使用 microbenchmark 进行基准测试
你可以使用 microbenchmark 包进行亚毫秒精确的表达式评估时序。
在这个例子中, 我们比较了基于特定条件更新组中元素的六个等效 data.table 表达式的速度。
进一步来说:
有 3 列的
data.table:id,time和status。对于每个 id,我想找到具有最大时间的记录 - 如果对于该记录,如果状态为真,我想在时间> 7 时将其设置为 false
library(microbenchmark)
library(data.table)
set.seed(20160723)
dt <- data.table(id = c(rep(seq(1:10000), each = 10)),
time = c(rep(seq(1:10000), 10)),
status = c(sample(c(TRUE, FALSE), 10000*10, replace = TRUE)))

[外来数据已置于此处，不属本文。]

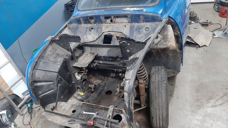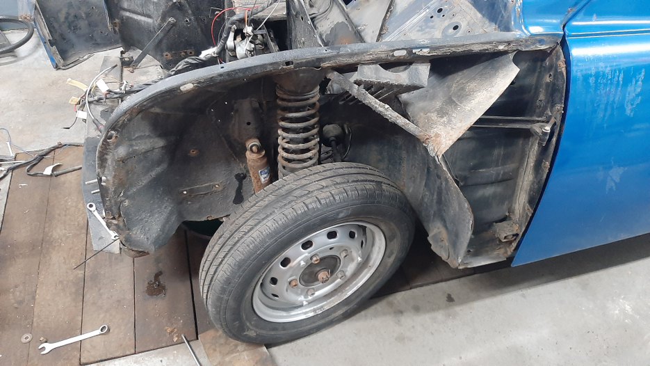 Dla relaksu zdjąłem jeden błotnik. Drugiego nie daję rady odkręcić, bo samochód stoi za blisko ściany i nie mogę na tyle szeroko drzwi odkręcić, żeby sięgnąć do ostatniej, najbardziej upartej śruby.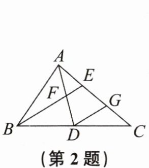 2. (2024秋·杭州上城模拟)如图,在$\triangle ABC$中,D 为 BC 边上的中点,E 为 AC 边上的三等分点$(AE\lt EC)$,连结 AD,BE,交点为 F,过点 D 作$DG// EF$,已知$\triangle AEF$的面积为 4,则$S_{\triangle ABC}$为 (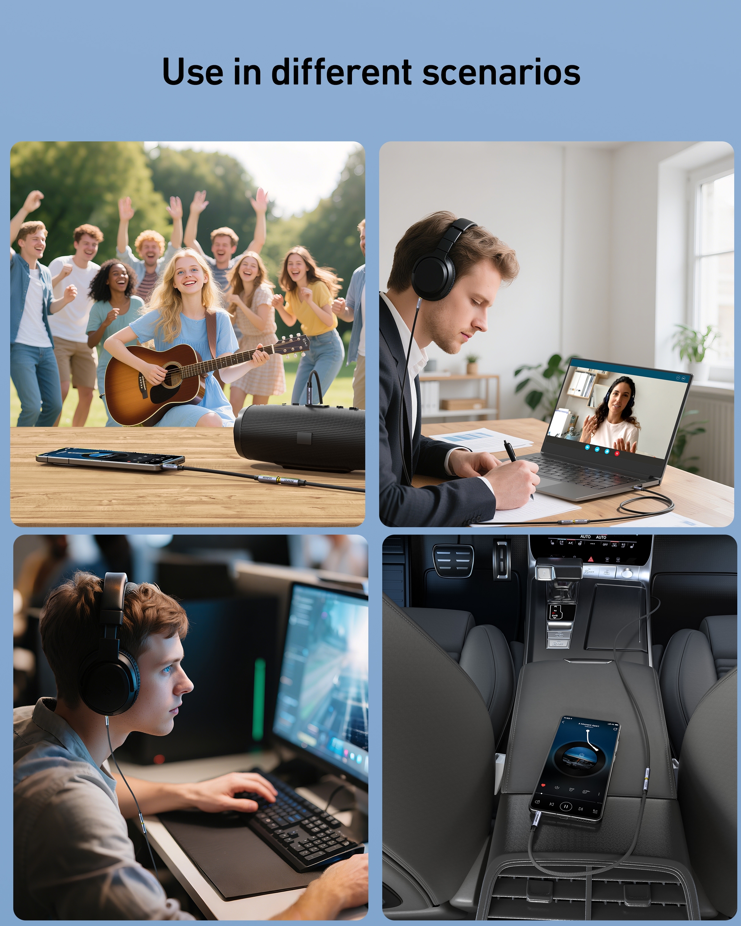 Compatible with all devices featuring a 3.5mm port, including headphones, smartphones, tablets, PCs, laptops, speakers, car stereos, and more.

setkey(dt, id, time) ## create copies of the data so the 'updates-by-reference' don't affect other expressions
dt1 <- copy(dt)
dt2 <- copy(dt)
dt3 <- copy(dt)
dt4 <- copy(dt)
dt5 <- copy(dt)
dt6 <- copy(dt)
microbenchmark(
expression_1 = {
dt1[ dt1[order(time), .I[.N], by = id]$V1, status := status * time < 7 ]
},
expression_2 = {
dt2[,status := c(.SD[-.N, status], .SD[.N, status * time > 7]), by = id]
},
expression_3 = {
dt3[dt3[,.N, by = id][,cumsum(N)], status := status * time > 7]
},
expression_4 = {
y <- dt4[,.SD[.N],by=id]
dt4[y, status := status & time > 7]
},
expression_5 = {
y <- dt5[, .SD[.N, .(time, status)], by = id][time > 7 & status]
dt5[y, status := FALSE]
},
expression_6 = {
dt6[ dt6[, .I == .I[which.max(time)], by = id]$V1 & time > 7, status := FALSE]
},
times = 10L ## specify the number of times each expression is evaluated
)
# Unit: milliseconds
# expr min lq mean median uq max neval
# expression_1 11.646149 13.201670 16.808399 15.643384 18.78640 26.321346 10
# expression_2 8051.898126 8777.016935 9238.323459 8979.553856 9281.93377 12610.869058 10
# expression_3 3.208773 3.385841 4.207903 4.089515 4.70146 5.654702 10
# expression_4 15.758441 16.247833 20.677038 19.028982 21.04170 36.373153 10
# expression_5 7552.970295 8051.080753 8702.064620 8861.608629 9308.62842 9722.234921 10
# expression_6 18.403105 18.812785 22.427984 21.966764 24.66930 28.607064 10
输出结果表明,在这次测试中,expression_3 是最快的。